Permalink
Switch branches/tags
Find file Copy path
Fetching contributors…
Cannot retrieve contributors at this time
508 lines (408 sloc) 18.2 KB
---
title: A Gentle Introduction to `CVXR`
author: "Paul Rosenfield, Anqi Fu, Balasubramanian Narasimhan, Steven Diamond, Stephen Boyd"
date: '2017-10-29'
slug: cvxr_gentle-intro
bibliography: ../bibtex/cvxr_refs.bib
---
```{r, message=FALSE, warning=FALSE, echo = FALSE}
library(ggplot2)
library(tidyr)
library(CVXR)
```
## Introduction
Welcome to `CVXR`: a modeling language for describing and solving
convex optimization problems that follows the natural, mathematical
notation of convex optimization rather than the requirements of any
particular solver. The purpose of this document is both to introduce
the reader to `CVXR` and to generate excitement for its possibilities in
the field of statistics.
Convex optimization is a powerful and very general tool. As a
practical matter, the set of convex optimization problems includes
almost every optimization problem that can be solved exactly and
efficiently (i.e. without requiring an exhaustive search). If an
optimization problem can be solved, it is probably convex. This family
of problems becomes even larger if you include those that can be
solved _approximately_ and efficiently. To learn more about the
mathematics and applications of convex optimization,
see [Boyd and Vandenberghe 2009](http://stanford.edu/~boyd/cvxbook/).

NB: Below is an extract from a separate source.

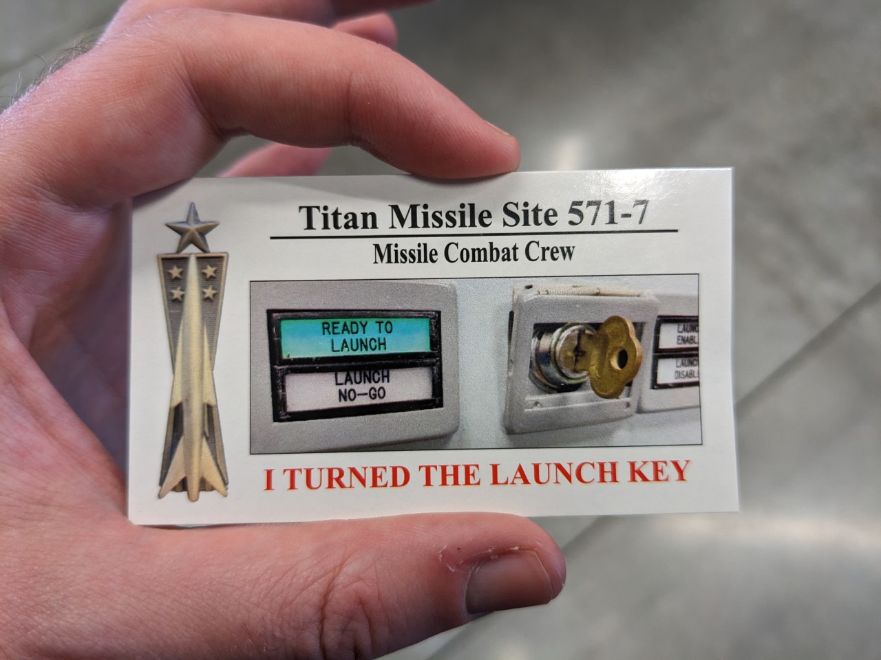 For the tour itself, you descend down through the main access system and the airlock that they used to enter the complex. Then it's into the main control center, where they requested volunteers. My hand was barely subsonic going up, and I was made the missile commander and a Captain in the Air Force. The guide walked through the day-to-day routine of the missile silo, as well as the procedures they would go through if a launch order came. I got to see the whole thing from the commander's seat, and at the end of the process, the deputy and I turned the keys. It was extremely cool, and I appreciate Cassander letting me do it.

Convex optimization systems written in other languages are already
widely used in practical applications. These
include
[YALMIP](http://users.isy.liu.se/johanl/yalmip/pmwiki.php?n=Main.WhatIsYALMIP) and
[CVX](http://cvxr.com/cvx/)
(Matlab), [CVXPY](http://www.cvxpy.org/en/latest/) (Python),
and [Convex.jl](http://convexjl.readthedocs.org/en/latest/)

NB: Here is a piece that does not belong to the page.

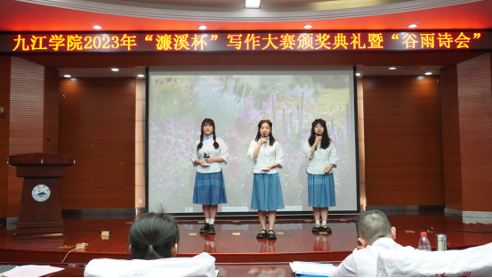 九江市作家协会、九江市图书馆、九江市周敦颐纪念馆、九江市德化学校等单位和校党委宣传部、校团委、图书馆及文学院相关负责人、师生代表参加了颁奖仪式和诗会。

(Julia). `CVXR` Shares a lot of its code base
with
[CVXcanon](http://stanford.edu/class/ee364b/projects/2015projects/reports/miller_quigley_zhu_report.pdf) and
CVXPY. As far as we know, this is the first full-featured general
convex optimization package for R.
One of the great headaches of conventional numerical optimization is
the process of deciding which algorithm to use and how to set its
parameters. In convex optimization, the particular algorithm matters
much less. So while a user of `CVXR` is still free to choose from a
number of different algorithms and to set algorithm parameters as they
please, the vast majority of users will not need to do this. `CVXR`
will just work.
The uses for convex optimization in statistics are many and
varied. A large number of parameter-fitting methods are convex, including
least-squares, ridge, lasso, and isotonic regression, as well as many
other kinds of problems such as maximum entropy or minimum
Kullback-Leibler divergence over a finite set.

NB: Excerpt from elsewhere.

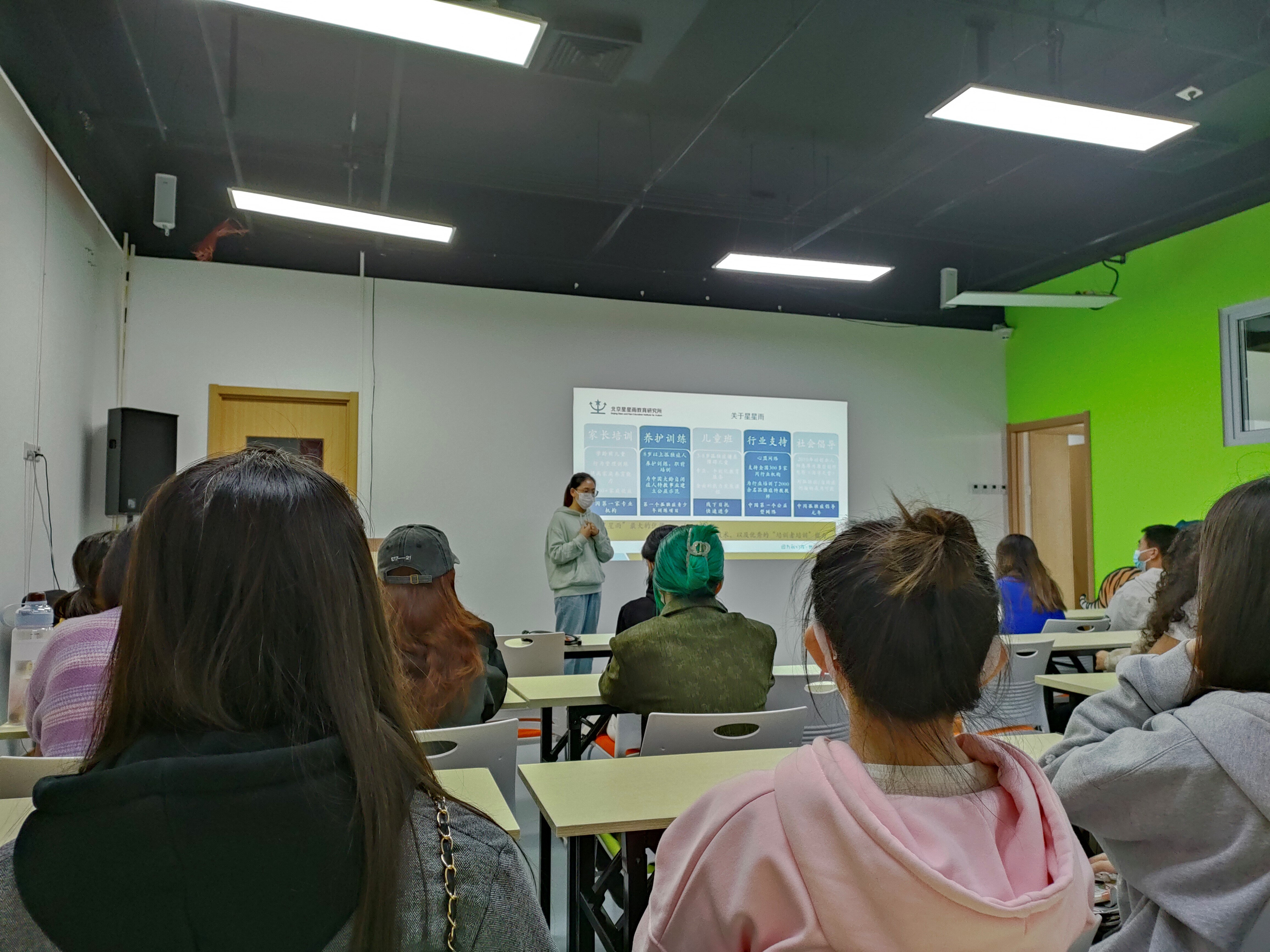在研究所老师的介绍下,志愿者们了解到应如何和孩子进行良好的沟通和交往,通过了解自闭症患者的相关故事,更加理解和体谅“星星的孩子”成长的不易。

All of these examples, at least in their most basic forms, are
established enough that they already have well-crafted R packages
devoted to them. If you use `CVXR` to solve these problems, it will
work. It will probably be slower than a custom-built algorithm---for
example, glmnet for fitting lasso or ridge regression models---but it
will work. However, this is not the true purpose of `CVXR`. If you
want to build a well-established model, you should use one of the
well-established packages for doing so. If you want to build your
_own_ model---one that is a refinement of an existing method, or
perhaps even something that has never been tried before---then `CVXR`
is the package to do it. The advantage of `CVXR` over glmnet and the
like comes from its flexibility: A few lines of code can transform a
problem from commonplace to state-of-the-art, and can often do the
work of an entire package in the process.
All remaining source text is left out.